[Stored dataset items]
# # #

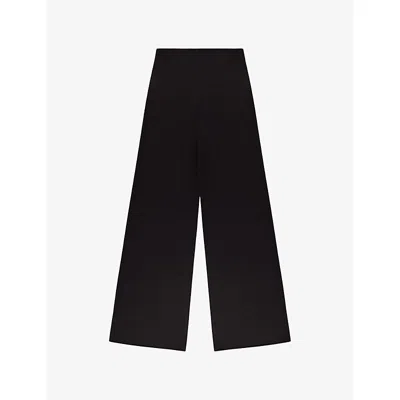 Womens Grey Pinstripe Wide-leg Stretch-woven Trousers In Black
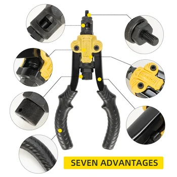 Hign-concerned Chemical: None Riveter Gun Type: Rivet Nut Guns Power Type: Hand Riveters Brand Name: FENNEC Origin: Mainland China Certification: CE Manual Rivet Nut Gun Gun head accessories: M3 M4 M5 M6 M8 Length: 300mm Maximum working stroke: 9mm Maximum working effective stroke: 7mm Max Arm Multiplier: 25 Feature: ①Railway heat treatment, thickened steel plate handle. ②Easy to carry, long life…
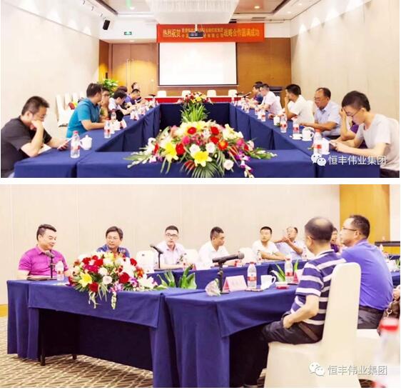 恒丰伟业集团董事局周传雄主席、中外建江淮公司史总裁代表双方在协议书上分别签字。周传雄表示,通过此次战略合作协议的签订,将为未来双方在商业运营、投融资服务、项目开发等方面的一系列深入合作奠定良好的基础。这次恒丰伟业与中外建的战略合作,可谓是强强联合,优势互补,双方充分发挥各自的资源优势,共同搭建投融建经四位一体的大平台,标志着集团对外业务开拓又上新台阶,忠心感谢各位领导与各界朋友的关心与支持,同时也要感谢为举办本次活动辛勤付出的各位伙伴。不忘初心,继续前行,实现共创共赢。
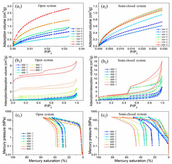 (a1,a2) CO2 adsorption isotherms, (b1,b2) N2 adsorption/desorption isotherms, and (c1,c2) MIP curves from the two pyrolysis experiments. Data of semi-closed pyrolysis are cited from Fang et al. [21].
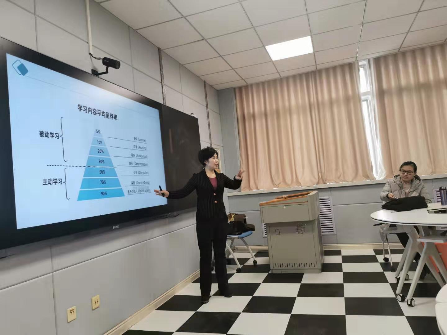 本次工作坊聚焦课程评价考核体系的建构,从考核指标多元化、考核主体多元化和考核过程多元化有机融合的角度揭示了多元化考核评价的必要性。曹献英首先指出,我们的教学面临“过去未去,未来已来”的新挑战,传统评价体系的弊端日益显现,以考试为中心的学生评价模式忽视了对学生素质和能力的考核,这不能满足教学改革的需要。课程教学迫切需要转变评价观念,建立新型的多元化评价体系。然后围绕我国大学生学习现状、学习考核评价的现状、考核评价的发展历程、多元化考核评价理论基础等方面,从考核内容、考核方式、考核主体、发展趋势等维度分享了多元化考核评价体系的构建路径,对于新形势下如何培养创新型人才给出了自己的理论解读。最后,她通过多元化考核评价案例与实践的分享,强调翻转课堂不只是简单的视频教学,它不是老师把原来的讲课录成视频,让学生在家里学习。真正的翻转课堂是一种互联网和移动互联网条件影响下真正的教与学模式创新。它是按照布鲁姆教育目标分类原则,进行课前任务单和课堂活动的思考设计,通过“线上”借助云班课平台和“线下”借助实体课堂相结合的方式,学生在课前任务单的指导下自主学习,课上学生围绕老师设计的一系列活动,合作探讨学习并展示小组学习观点的新型教学模式。
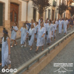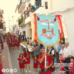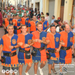 The rows departed from Plaza Marina Alta passing through Príncipe de Asturias, Foguerer and Virgen de la Merced until reaching the special street. The Moor and Christian standard bearers, Lucía Llidó and Carla Llidó, together with the Ballesters Captains, Rosa Catalá and Florencio Mata were in charge of making the offering of the flowers to the saint in his niche at one end of the road. The president of the Board of Festes, Rubén Femenia, and the Councilor for Fiestas, Kika Mata, also accompanied the filaes during their short tour of the historic centre.

# # #

**ABOUT THIS EXERCISE:**
The entries above, without their pictures, should be written out exactly.

**RESULT FOR THIS TASK:**
 Womens Grey Pinstripe Wide-leg Stretch-woven Trousers In Black
 Hign-concerned Chemical: None Riveter Gun Type: Rivet Nut Guns Power Type: Hand Riveters Brand Name: FENNEC Origin: Mainland China Certification: CE Manual Rivet Nut Gun Gun head accessories: M3 M4 M5 M6 M8 Length: 300mm Maximum working stroke: 9mm Maximum working effective stroke: 7mm Max Arm Multiplier: 25 Feature: ①Railway heat treatment, thickened steel plate handle. ②Easy to carry, long life…
 恒丰伟业集团董事局周传雄主席、中外建江淮公司史总裁代表双方在协议书上分别签字。周传雄表示,通过此次战略合作协议的签订,将为未来双方在商业运营、投融资服务、项目开发等方面的一系列深入合作奠定良好的基础。这次恒丰伟业与中外建的战略合作,可谓是强强联合,优势互补,双方充分发挥各自的资源优势,共同搭建投融建经四位一体的大平台,标志着集团对外业务开拓又上新台阶,忠心感谢各位领导与各界朋友的关心与支持,同时也要感谢为举办本次活动辛勤付出的各位伙伴。不忘初心,继续前行,实现共创共赢。
 (a1,a2) CO2 adsorption isotherms, (b1,b2) N2 adsorption/desorption isotherms, and (c1,c2) MIP curves from the two pyrolysis experiments. Data of semi-closed pyrolysis are cited from Fang et al. [21].
 本次工作坊聚焦课程评价考核体系的建构,从考核指标多元化、考核主体多元化和考核过程多元化有机融合的角度揭示了多元化考核评价的必要性。曹献英首先指出,我们的教学面临“过去未去,未来已来”的新挑战,传统评价体系的弊端日益显现,以考试为中心的学生评价模式忽视了对学生素质和能力的考核,这不能满足教学改革的需要。课程教学迫切需要转变评价观念,建立新型的多元化评价体系。然后围绕我国大学生学习现状、学习考核评价的现状、考核评价的发展历程、多元化考核评价理论基础等方面,从考核内容、考核方式、考核主体、发展趋势等维度分享了多元化考核评价体系的构建路径,对于新形势下如何培养创新型人才给出了自己的理论解读。最后,她通过多元化考核评价案例与实践的分享,强调翻转课堂不只是简单的视频教学,它不是老师把原来的讲课录成视频,让学生在家里学习。真正的翻转课堂是一种互联网和移动互联网条件影响下真正的教与学模式创新。它是按照布鲁姆教育目标分类原则,进行课前任务单和课堂活动的思考设计,通过“线上”借助云班课平台和“线下”借助实体课堂相结合的方式,学生在课前任务单的指导下自主学习,课上学生围绕老师设计的一系列活动,合作探讨学习并展示小组学习观点的新型教学模式。
 The rows departed from Plaza Marina Alta passing through Príncipe de Asturias, Foguerer and Virgen de la Merced until reaching the special street. The Moor and Christian standard bearers, Lucía Llidó and Carla Llidó, together with the Ballesters Captains, Rosa Catalá and Florencio Mata were in charge of making the offering of the flowers to the saint in his niche at one end of the road. The president of the Board of Festes, Rubén Femenia, and the Councilor for Fiestas, Kika Mata, also accompanied the filaes during their short tour of the historic centre.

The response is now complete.